GIVEN DATA:
========================

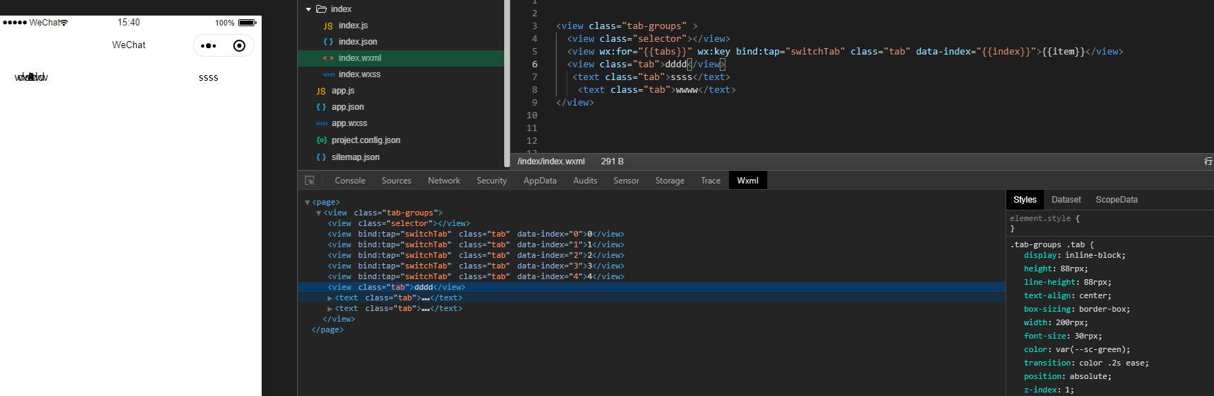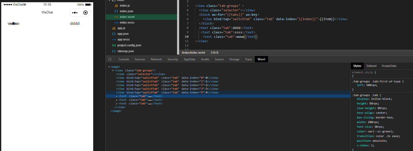 <view class="tab-groups"> <view class="selector"></view> <block wx:for="{{tabs}}"> <view bind:tap="switchTab" class="tab" data-index="{{index}}">{{item}}</view> </block></view> |
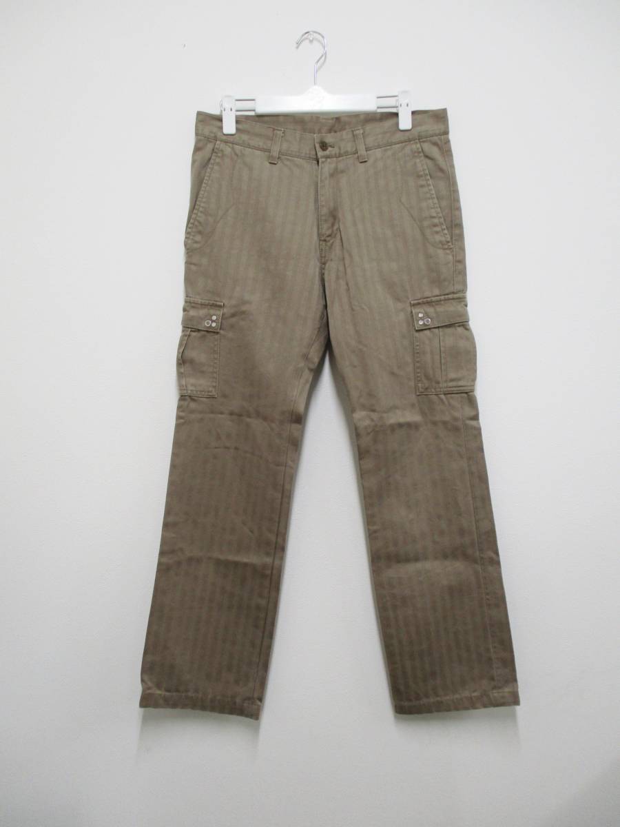 ★571 【送料無料】 ABAHOUSE アバハウス チノパン サイズ2 M相当 綿100素材 フラップポケット デイリー使い キャメル レイズドストライプ
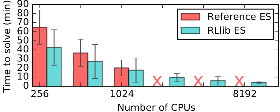 RLlib’s ES implementation scales further and is faster than a reference Redis implementation on solving the Humanoid-v1 task.#

========================

ASSIGNMENT: Repeat the listing above exactly from its first line to the line containing "デイリー使い キャメル レイズドストライプ", both included, and omit the pictures.

YOUR SOLUTION:
 <view class="tab-groups"> <view class="selector"></view> <block wx:for="{{tabs}}"> <view bind:tap="switchTab" class="tab" data-index="{{index}}">{{item}}</view> </block></view> |
 ★571 【送料無料】 ABAHOUSE アバハウス チノパン サイズ2 M相当 綿100素材 フラップポケット デイリー使い キャメル レイズドストライプ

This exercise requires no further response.